**Task description**
Only one span is wanted from the lines below: from the one with "The Kitchen has" up to and including the one with "Deixe cozinhar em". Copy it exactly, without images.

**Listed entries**
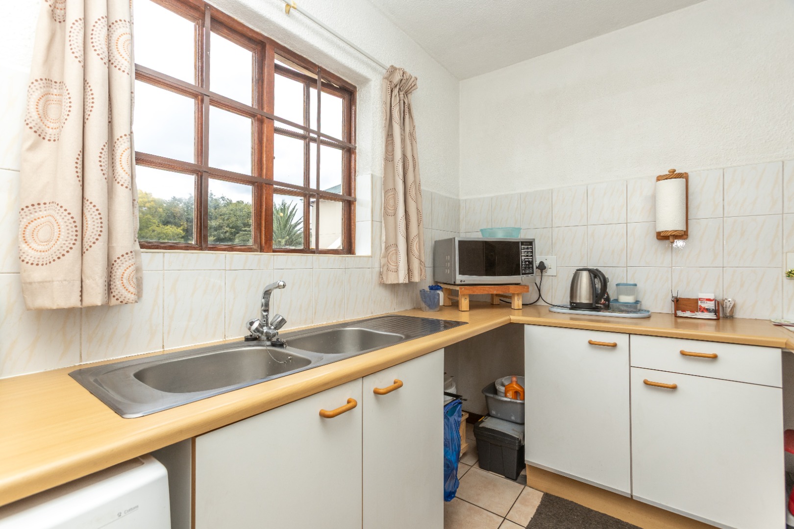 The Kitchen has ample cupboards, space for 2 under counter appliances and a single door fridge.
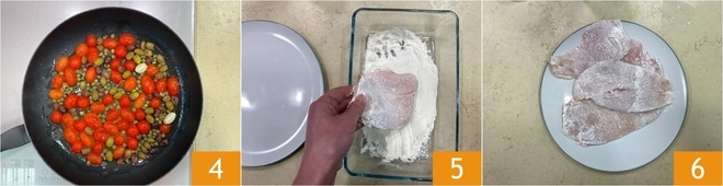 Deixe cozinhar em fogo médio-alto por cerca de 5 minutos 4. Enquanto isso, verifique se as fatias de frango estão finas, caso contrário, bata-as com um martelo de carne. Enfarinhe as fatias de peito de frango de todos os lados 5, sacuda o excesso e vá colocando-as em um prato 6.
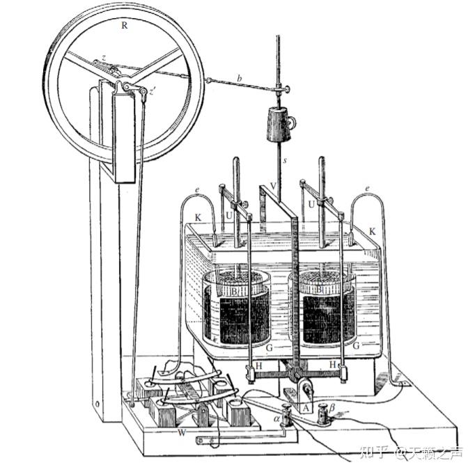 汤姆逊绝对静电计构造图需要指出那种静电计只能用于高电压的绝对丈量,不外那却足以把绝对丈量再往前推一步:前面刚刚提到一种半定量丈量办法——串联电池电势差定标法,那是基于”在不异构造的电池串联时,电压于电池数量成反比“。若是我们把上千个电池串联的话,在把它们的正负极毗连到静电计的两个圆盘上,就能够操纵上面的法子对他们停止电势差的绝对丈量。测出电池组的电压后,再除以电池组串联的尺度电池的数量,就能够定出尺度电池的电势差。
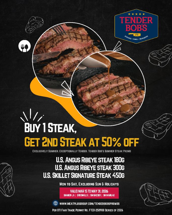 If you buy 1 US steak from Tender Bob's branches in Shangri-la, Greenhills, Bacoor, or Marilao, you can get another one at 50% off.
==
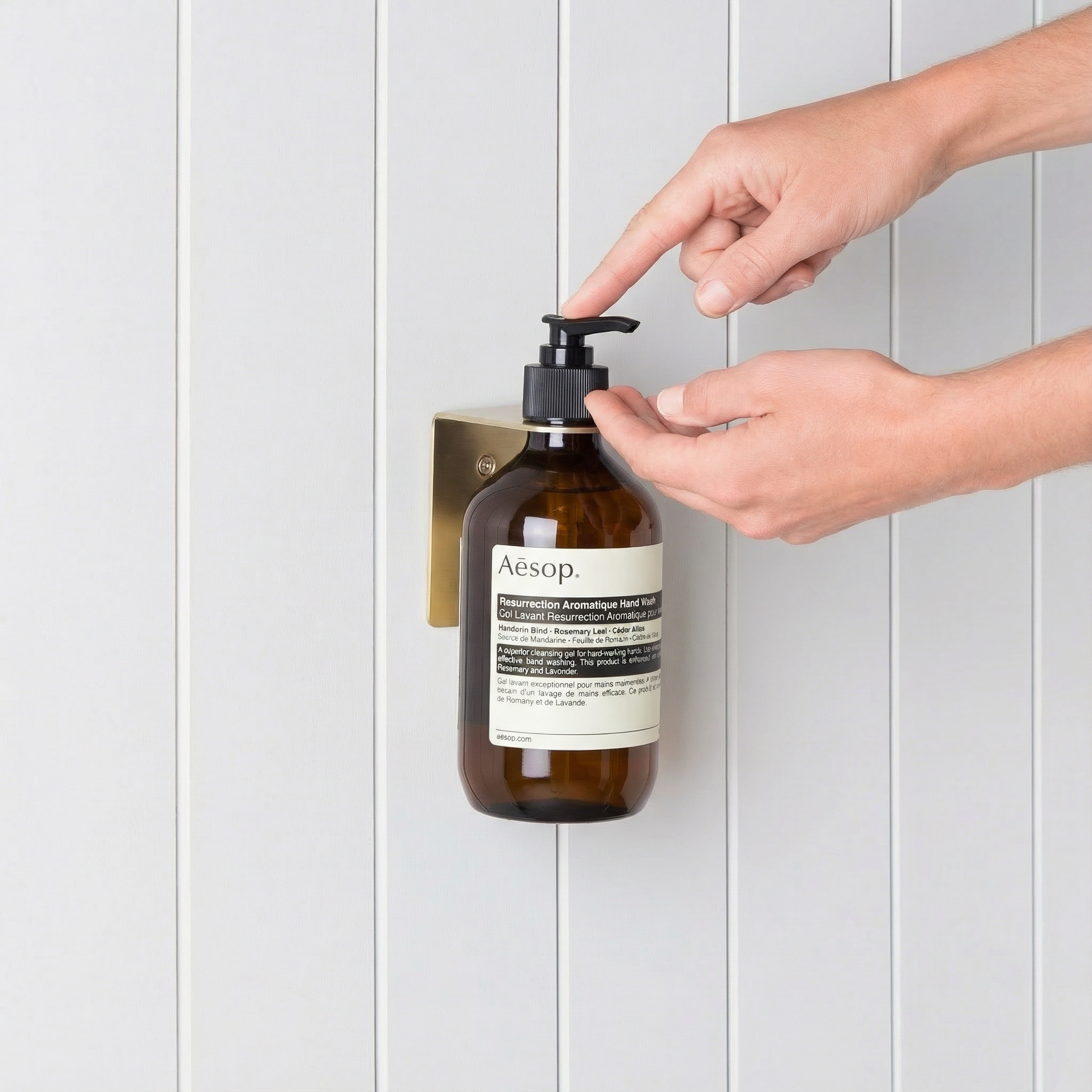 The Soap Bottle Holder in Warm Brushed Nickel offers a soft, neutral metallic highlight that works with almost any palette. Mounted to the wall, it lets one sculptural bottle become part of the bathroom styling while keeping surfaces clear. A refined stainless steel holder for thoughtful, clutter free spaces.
* * *
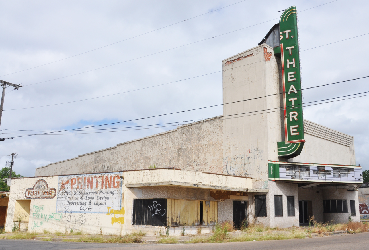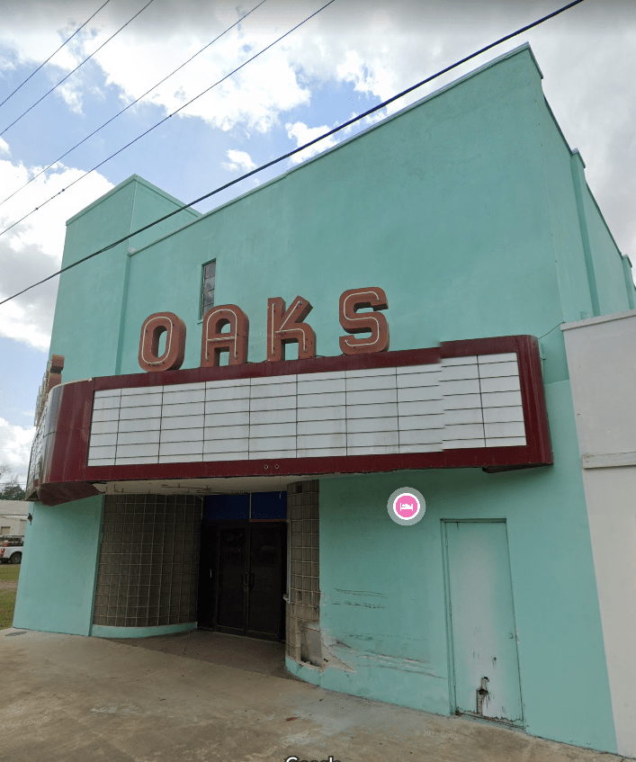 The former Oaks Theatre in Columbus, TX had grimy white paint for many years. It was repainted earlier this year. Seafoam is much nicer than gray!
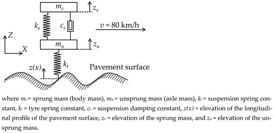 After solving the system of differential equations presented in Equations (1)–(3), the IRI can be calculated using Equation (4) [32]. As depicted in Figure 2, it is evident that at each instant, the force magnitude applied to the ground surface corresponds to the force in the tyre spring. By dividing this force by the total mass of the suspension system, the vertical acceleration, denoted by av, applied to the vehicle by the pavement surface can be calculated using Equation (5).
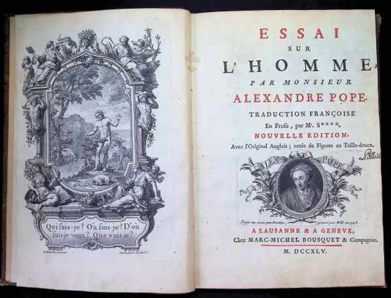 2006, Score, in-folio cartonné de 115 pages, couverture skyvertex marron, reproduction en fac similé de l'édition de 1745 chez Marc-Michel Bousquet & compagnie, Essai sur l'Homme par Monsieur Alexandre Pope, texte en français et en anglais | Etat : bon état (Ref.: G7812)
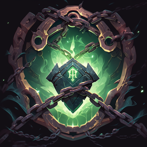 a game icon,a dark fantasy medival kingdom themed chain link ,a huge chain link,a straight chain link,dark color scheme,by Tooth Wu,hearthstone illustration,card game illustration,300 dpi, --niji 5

**Answer box**
 The Kitchen has ample cupboards, space for 2 under counter appliances and a single door fridge.
 Deixe cozinhar em fogo médio-alto por cerca de 5 minutos 4. Enquanto isso, verifique se as fatias de frango estão finas, caso contrário, bata-as com um martelo de carne. Enfarinhe as fatias de peito de frango de todos os lados 5, sacuda o excesso e vá colocando-as em um prato 6.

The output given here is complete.